We must point out some limitations imposed by using a sample of female participants shadowing the speech of a single female model. As we previously discussed, we chose to use this design in part to be consistent with the gender-matched design of our original investigation of the visual enhancement of auditory phonetic convergence (Dias & Rosenblum, 2011). However, as we discussed in the introduction, contrasting findings pertaining to gender differences in phonetic convergence (e.g., R. M. Miller et al., 2010; Namy et al., 2002; Pardo, 2006; Pardo et al., 2014; Pardo et al., 2013) and the variability in phonetic convergence among individual perceivers (e.g., R. M. Miller et al., 2010; Namy et al., 2002; Pardo et al., 2013) were also determining factors in choosing the present design. It was not our intent in the present investigation to address the issue of individual differences in phonetic convergence. Instead, our goal was to examine whether visual speech influences on auditory phonetic convergences (previously observed between female conversational partners; Dias & Rosenblum, 2011) can be explained, at least in part, by visible speech information.
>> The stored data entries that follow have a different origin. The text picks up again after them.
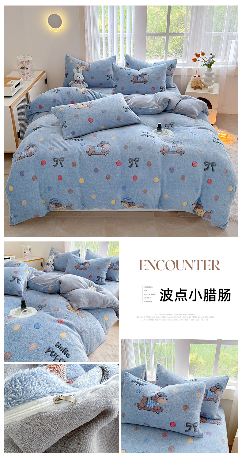 商品名称:慕梵家居2025新款雪花绒被套 波点小腊肠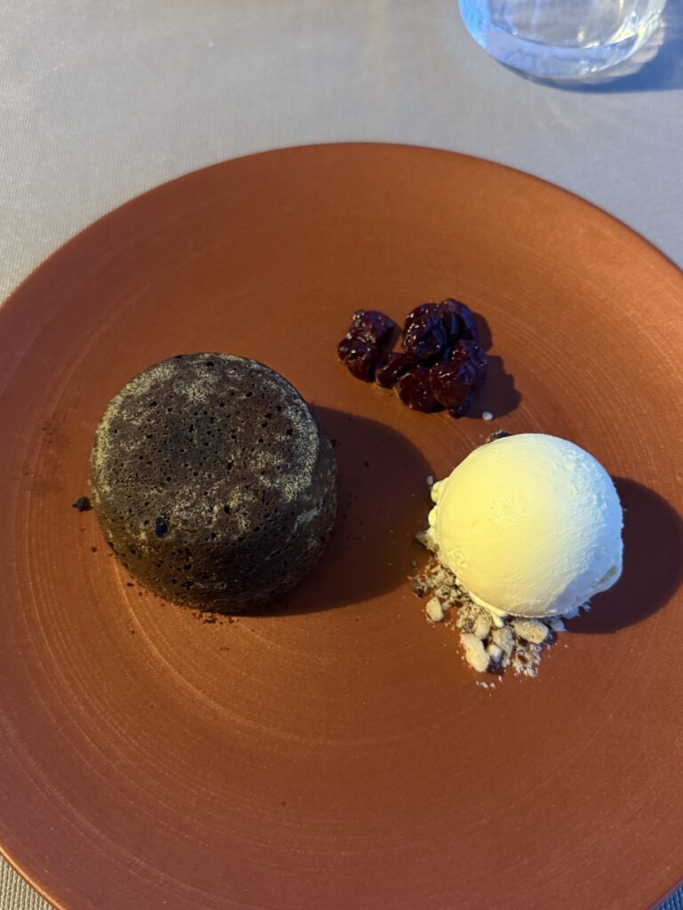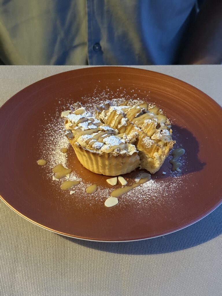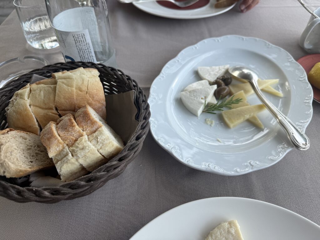 We began with fresh-baked Montenegrin bread (oh, how we’ve missed good bread – Italy, we love you, but while your pasta rocks, your bread does not!), an assortment of homemade cheeses, and a drizzle of olive oil that tasted like sunshine and sea spray. For mains: sea bass with truffle cream and black rice (Karen) and zucchini-wrapped prawns with carrot sauce (Doug). Every bite: decadent. We finished with a duet of desserts – rich chocolate fondue and the local delicacy, Boka Kotorska cake, a centuries-old recipe reserved for weddings, holidays, and, as it turns out, farewell dinners.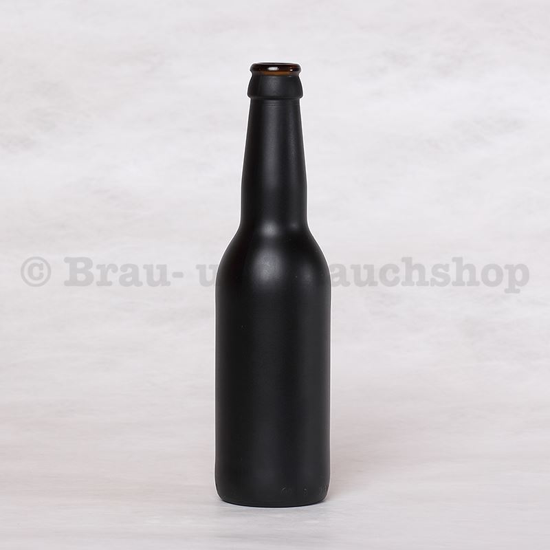 Matt schwarze gespritztes Grünglas.EinwegflaschenInhalt 0,33 Liter, 26 mm1995 StückAchtung: Palettenzustellung nur gegen Unterschrift. Erfolglose Zustellungen werden weiterverrechnet.

However, we cannot discount the possibility that our observed visual, lexical, and phonetic convergence effects are the result of idiosyncratic characteristics associated with our female model. Nor can we discount the possibility that these effects would be different for male shadowers. However, there is plenty of precedence to suggest that our observed effects would generalize to other diverse samples of models and shadowers of both genders. Within the speech literature, robust visual (for reviews, see Fowler, 2004; Rosenblum, 2008) and lexical (for a review, see Luce & McLennan, 2005) influences on auditory speech perception are reported across diverse samples of models and participants, with many studies employing stimuli derived from a single model talker (e.g., Brancazio, 2004; Erber, 1971; Luce, Pisoni, & Goldinger, 1990; Remez et al., 1998; Rosenblum et al., 1996; Ross et al., 2007; Tye-Murray, Sommers, & Spehar, 2007). Within the phonetic convergence literature (much of which is cited in this article), automatic imitation of perceived speech has been observed across studies employing diverse samples of models, shadowers, and conversational partners. In fact, many of these studies also employed test stimuli derived from a single model talker (e.g., Babel, 2010; Babel & Bulatov, 2012; Honorof, Weihing, & Fowler, 2011; Nielsen, 2011; Sanchez et al., 2010) and measured samples composed only of male (e.g., Pardo et al., 2012) or female (e.g., Delvaux & Soquet, 2007; Sanchez et al., 2010) participants. Still, future work should investigate whether the visual enhancement effects on auditory phonetic convergence observed here will generalize across different samples of talkers and perceivers.